Accordingly, in order to control inflation and stabilize the macro economy, the state bank must stabilize the currency and foreign exchange markets and ensure the liquidity of the credit institution system.
In particular, the state bank must rationally and synchronously manage both interest rates and exchange rates, and adequately align credit growth with market movements and macroeconomic developments. On the other hand, in difficult circumstances it may be necessary to have a priority goal.
In addition, the State Bank reiterated the goal of stabilizing the psyche of the depositors when ensuring the operational security of the credit institutions.
Mr Ha added that the flow of capital to the economy still comes from three main sources, including bank lending, stock markets and public investment, in addition to foreign capital.
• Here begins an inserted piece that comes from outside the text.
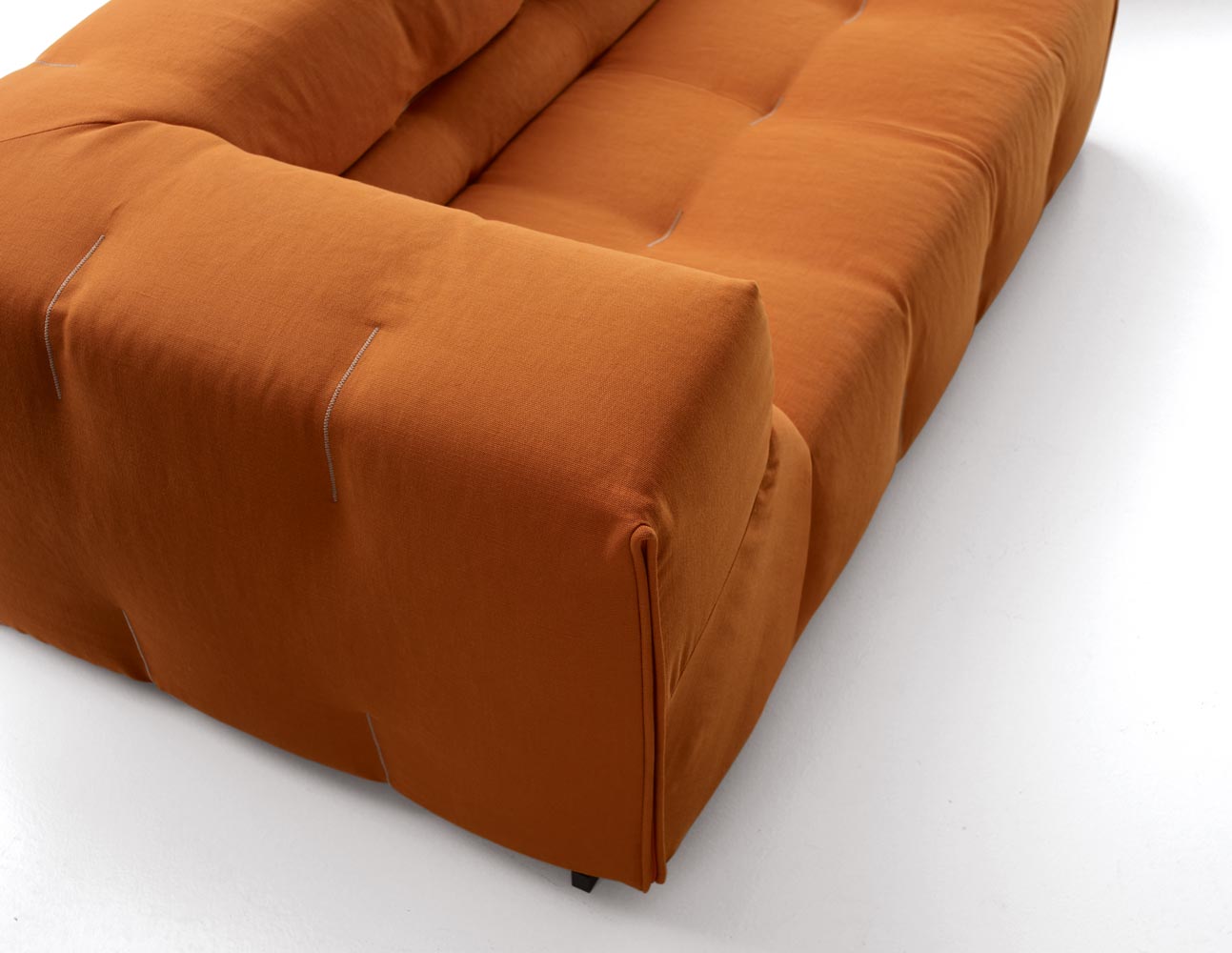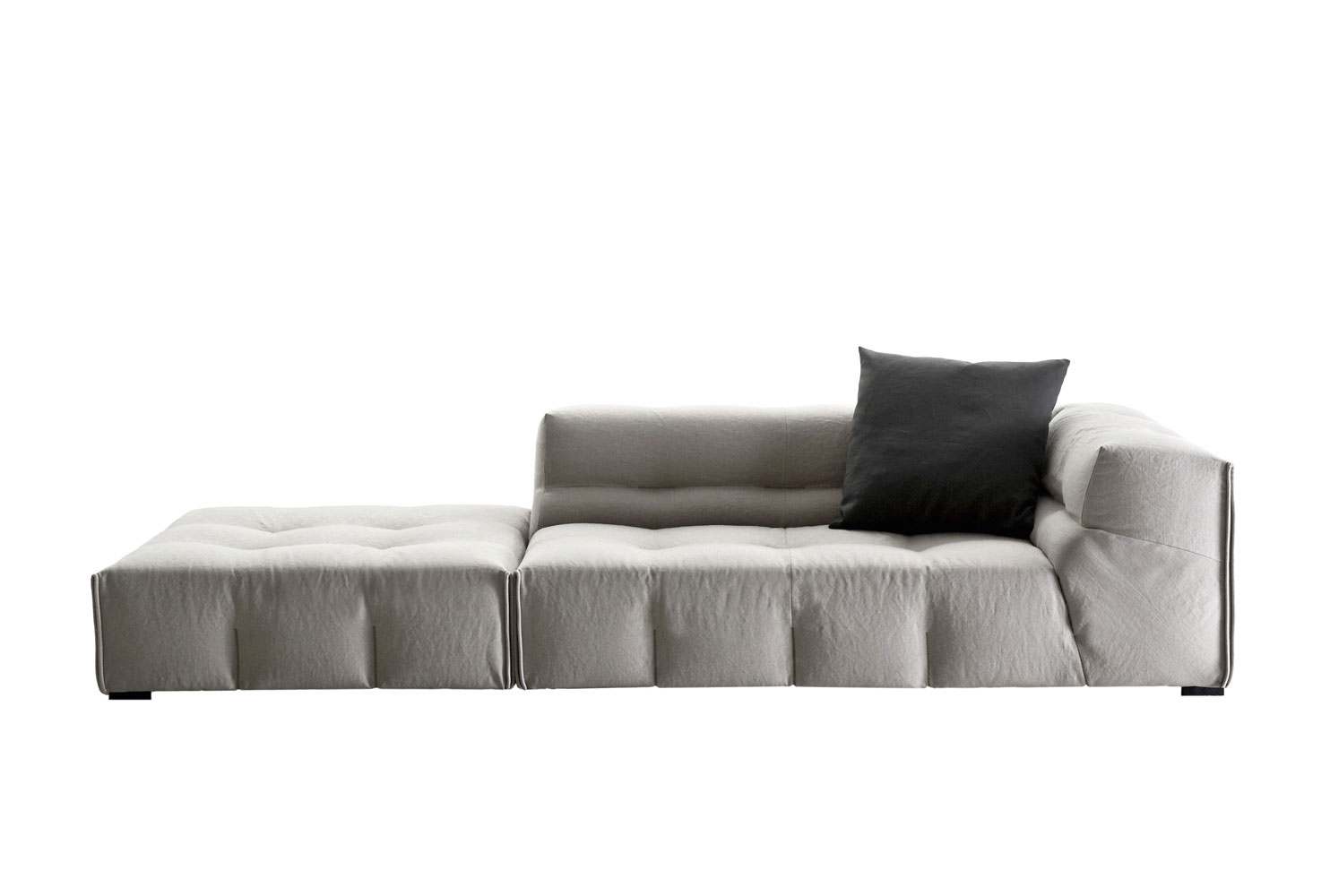 這是Tufty-Time系統(tǒng)的發(fā)展,圖片傳遞出了一種可以想象到的柔軟感受,還有基于定制飾面的裝飾的品質(zhì)。手工皮革釘扣風(fēng)格的引用使得該系列顯得與眾不同。這種風(fēng)格存在于沙發(fā)套相互匹配或呈現(xiàn)出對(duì)比色調(diào)中,這使其成為一個(gè)顯著的特色。它完好地保存了模塊化的特色并采用現(xiàn)代語言,使其對(duì)1960年代的借鑒更加純熟,這更加突出了該系列中的主打產(chǎn)品特點(diǎn)。

Therefore, the State Bank will continue to synchronize and closely coordinate with fiscal policy and other macro policies.
Because the money market, capital market and real estate market are very closely linked, said Mr. Ha. If the stock market collapses, it will put pressure on bank lending, affecting the psychology of savers. On the contrary, the liquidity of credit institutions is difficult, which also affects the functioning and development of the corporate bond market.
“Business demand is always high. The state bank is trying to ensure the role of credit capital. However, there is also a need for support from the capital market and public investment,” Mr Ha said frankly.